Galectin-3 is an amplifier of inflammation in atherosclerotic plaque progression through macrophage activation and monocyte chemoattraction

Objective - Galectin-3 (Gal-3) is a 26-kDa lectin known to regulate many aspects of inflammatory cell behavior. We assessed the hypothesis that increased levels of Gal-3 contribute to atherosclerotic plaque progression by enhancing monocyte chemoattraction through macrophage activation. Methods and Results - Gal-3 was found to be upregulated in unstable plaque regions of carotid endarterectomy (CEA) specimens compared with stable regions from the same patient (3.2-fold, P < 0.05) at the mRNA (n = 12) and (2.3-fold, P < 0.01) at the protein level ( n = 9).
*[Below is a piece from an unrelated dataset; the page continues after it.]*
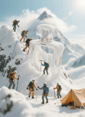 将图2商品放到图1中,商品被冰雪覆盖,小人攀爬商品,保证融图效果

Analysis of aortic tissue from ApoE (-/-) mice on a high fat diet (n = 14) and wild-type controls (n = 9) showed that Gal-3 mRNA and protein levels are elevated by 16.3-fold (P < 0.001) and 12.2-fold (P < 0.01) and that Gal-3 staining colocalizes with macrophages. In vitro, conditioned media from Gal-3 - treated human macrophages induced an up to 6-fold increase in human monocyte chemotaxis (P < 0.01, ANOVA), an effect that was reduced by 66 and 60% by Pertussis Toxin (PTX) and the Vaccinia virus protein 35K, respectively. Microarray analysis of human macrophages and subsequent qPCR validation confirmed the upregulation of CC chemokines in response to Gal-3 treatment. Conclusions - Our data suggest that Gal-3 is both a marker of atherosclerotic plaque progression and a central contributor to the pathology by amplification of key proinflammatory molecules.